[Source records — start]

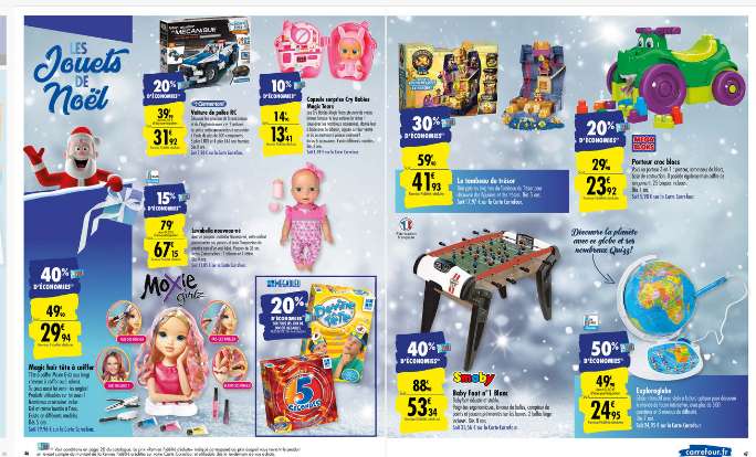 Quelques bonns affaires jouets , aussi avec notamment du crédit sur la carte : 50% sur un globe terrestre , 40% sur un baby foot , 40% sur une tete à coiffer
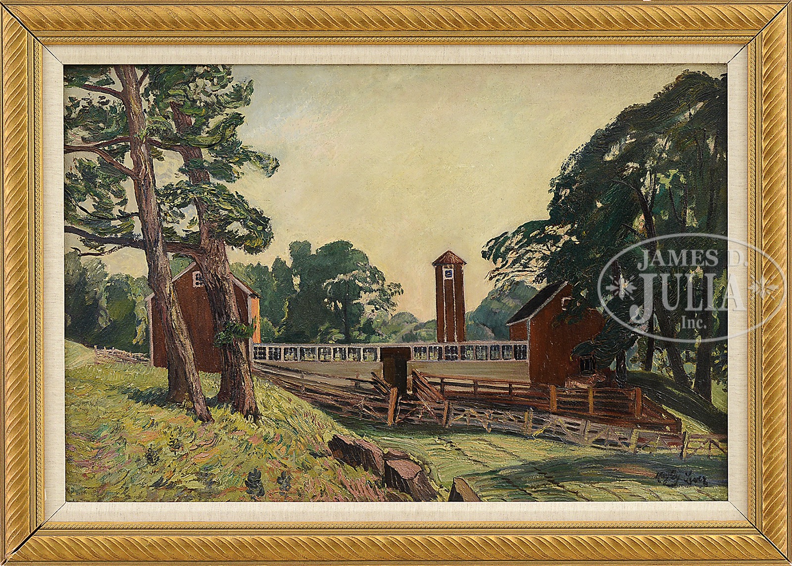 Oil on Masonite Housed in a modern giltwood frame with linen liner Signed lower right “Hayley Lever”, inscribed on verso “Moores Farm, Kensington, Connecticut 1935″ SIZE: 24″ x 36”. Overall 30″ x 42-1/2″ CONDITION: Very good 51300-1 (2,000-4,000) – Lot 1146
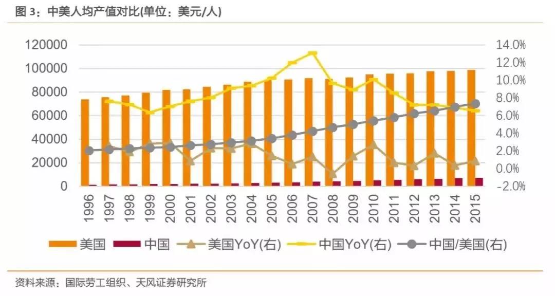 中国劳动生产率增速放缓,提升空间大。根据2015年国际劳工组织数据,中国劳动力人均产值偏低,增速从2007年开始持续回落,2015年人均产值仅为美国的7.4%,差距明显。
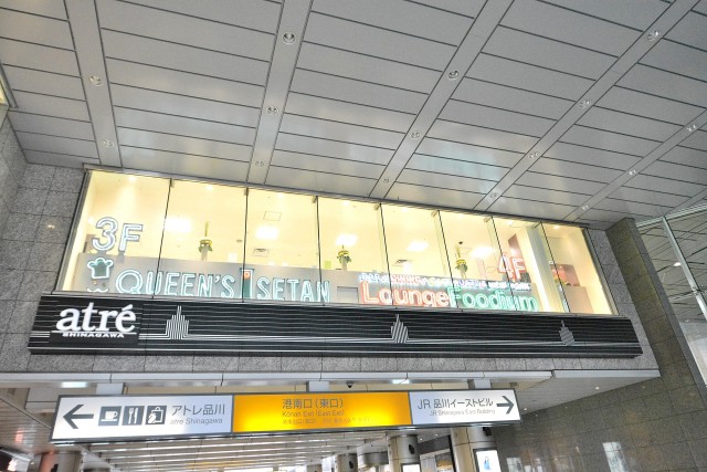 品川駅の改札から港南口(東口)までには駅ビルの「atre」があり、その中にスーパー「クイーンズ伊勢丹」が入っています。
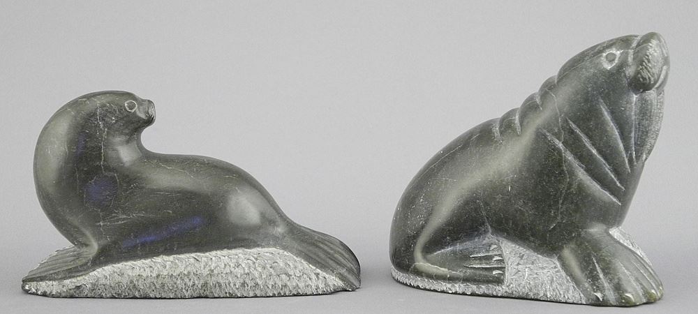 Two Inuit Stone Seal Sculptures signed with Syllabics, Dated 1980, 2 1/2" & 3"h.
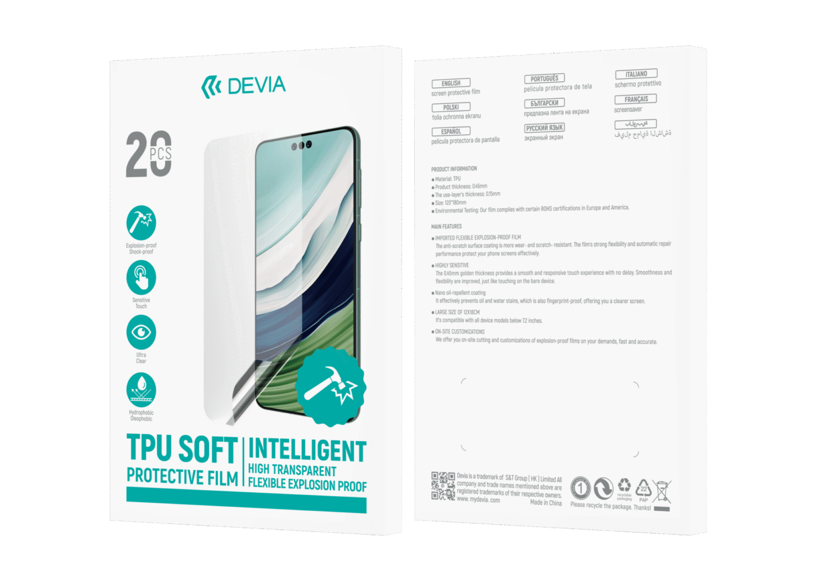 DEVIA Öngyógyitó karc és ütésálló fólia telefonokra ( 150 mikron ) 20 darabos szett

[Source records — finish]

**Required action**
Would you output the data exactly, without any of its images?

**Result below**
 Quelques bonns affaires jouets , aussi avec notamment du crédit sur la carte : 50% sur un globe terrestre , 40% sur un baby foot , 40% sur une tete à coiffer
 Oil on Masonite Housed in a modern giltwood frame with linen liner Signed lower right “Hayley Lever”, inscribed on verso “Moores Farm, Kensington, Connecticut 1935″ SIZE: 24″ x 36”. Overall 30″ x 42-1/2″ CONDITION: Very good 51300-1 (2,000-4,000) – Lot 1146
 中国劳动生产率增速放缓,提升空间大。根据2015年国际劳工组织数据,中国劳动力人均产值偏低,增速从2007年开始持续回落,2015年人均产值仅为美国的7.4%,差距明显。
 品川駅の改札から港南口(東口)までには駅ビルの「atre」があり、その中にスーパー「クイーンズ伊勢丹」が入っています。
 Two Inuit Stone Seal Sculptures signed with Syllabics, Dated 1980, 2 1/2" & 3"h.
 DEVIA Öngyógyitó karc és ütésálló fólia telefonokra ( 150 mikron ) 20 darabos szett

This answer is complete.